Is it a particular set of channels, or can you watch one video from Channel X, but not another video from Channel X?

Since you mention issues with pyTivo, I'm leaning towards being an H.264 issue. Depending on pyTivo setup, it can be configured to push compatible H.264 content directly to the Tivo without trans-coding to Mpeg2. Most cable is encoded using Mpeg2 compression, but some providers are moving towards encoding with H.264 which offers bandwidth saving up to 50% over Mpeg2. The Tivo itself will handle H.264 just fine, but the Stream will choke on that content. A few months ago, we got some intel from Tivo that H.264 support was coming to the Stream software in 2015. 

Who's your cable provider? I know FiOS and Cox use h.264 for some stuff; not sure about other providers.


----------



## LI-SVT (Sep 28, 2006)

All of my pyTiVo transfers originated on a TiVo of one model or another, no h.264 files for me.

My Android tablet won't play anything that was not recorded on my Premier.

If I record something on my Series2 and transfer it to the Premier the Android app won't play it. The ios app will play these recordings.


----------



## tatergator1 (Mar 27, 2008)

Perhaps it's related to some sort of missing or corrupted metadata for the video files. pyTivo transfers and Series 2 transfers always lose some of the original Tivo metadata when you use MRV to transfer videos between Tivos.


----------



## jrtroo (Feb 4, 2008)

Do these same files/shows play on an android phone? 

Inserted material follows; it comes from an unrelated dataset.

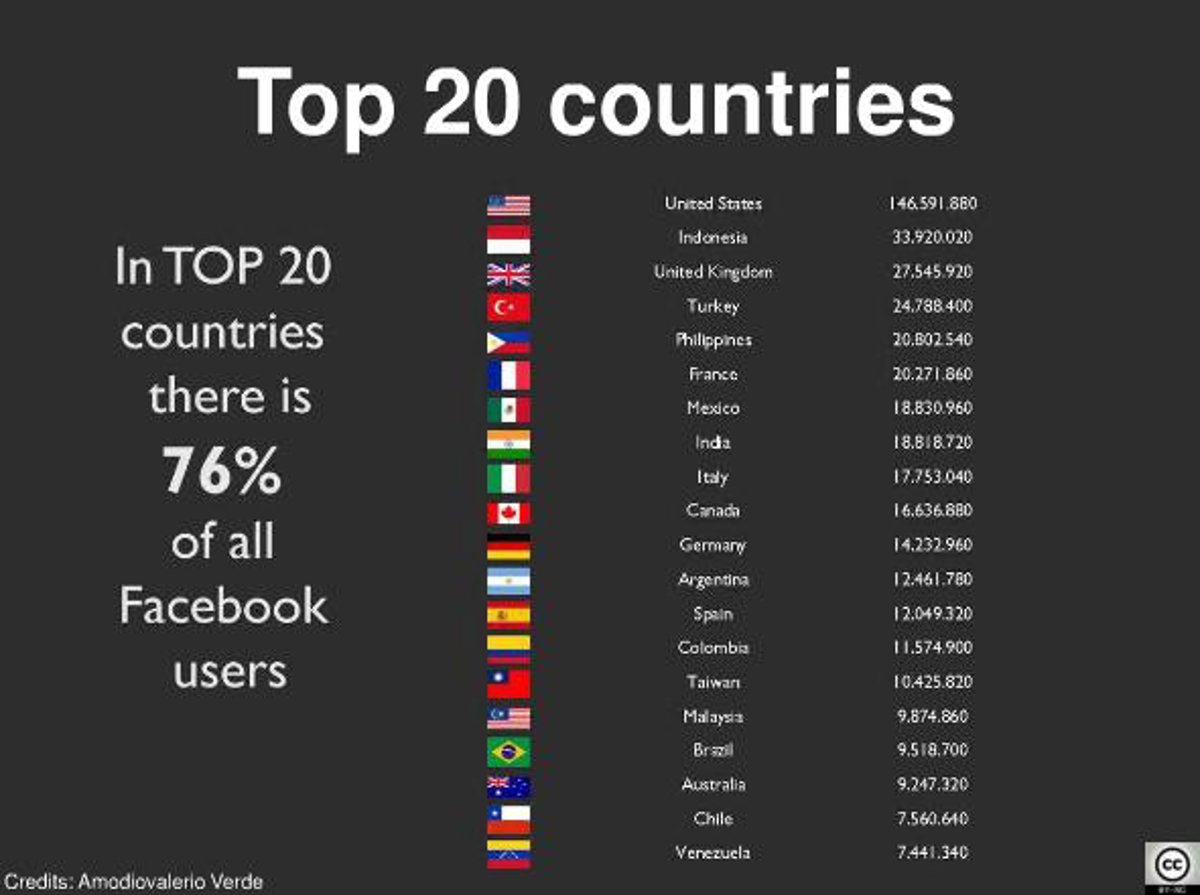 En los datos oficiales de Facebook se puede ver que el crecimiento de la red social no se detiene, pero está muy localizado en determinadas zonas. El 76 por ciento de los usuarios totales de Facebook, 452,9 millones se reparten entre los 20 países que encabezan la lista. En África y Asia los porcentajes de penetración de Facebook todavía son muy bajos, países como la India cuentan con una gran masa de usuarios potenciales.

In asking a rep yesterday about my Xoom not working with the app, it appeared that they are spending some time tweaking the app for tablets due to some compatibility issues. So, I'm wondering if this is a program file issue or the app not fully working with tablets.

Thanks!


----------



## Dan203 (Apr 17, 2000)

crxssi said:


> This is not a fluke. Several times now I have tried to stream/play a video to my Android Linux Nexus 10 tablet running the TiVo app from my Tivo Roamo Pro and it just shows the spinning circle for a minute, then asks if I want to delete the program. But I can turn around and play some other recording with no problem at all. Go back to the problem one and it will not stream. I can restart the app, restart the tablet, nothing will make it play that recording. I go to the TV and select it and it plays that "problem" video just fine.
> 
> I can't find anything in common with those that will not play. It is not a certain channel or type of video. It is not that I did or didn't start watching it before somewhere. Certainly someone else has encountered this too.
> 
> As an aside, it will also not even allow the user to ATTEMPT to stream/play something that was uploaded to the TiVo via PyTiVo.


Could be something with the recording. Can you transfer the show to a PC? Stream it to another TiVo or Mini? Perhaps the recording is using an odd audio codec (we have a couple that use MP2 instead of AC3) or maybe it has a weird structure like long GOPs or some sort of corrupt header. I'm not sure how robust the Stream transcoder is.


----------



## Megamind (Feb 18, 2013)

I believe this is similar to or the same as http://www.tivocommunity.com/tivo-vb/showthread.php?t=521567

In my experience, programs that were not originally recorded on the TiVo from which the streaming occurs will not play in the Android App. In my case, this occurred with programs that were transferred directly (not via PyTiVo) from my XL4.


----------



## bradleys (Oct 31, 2007)

I suspect some of this is related to the copy protection...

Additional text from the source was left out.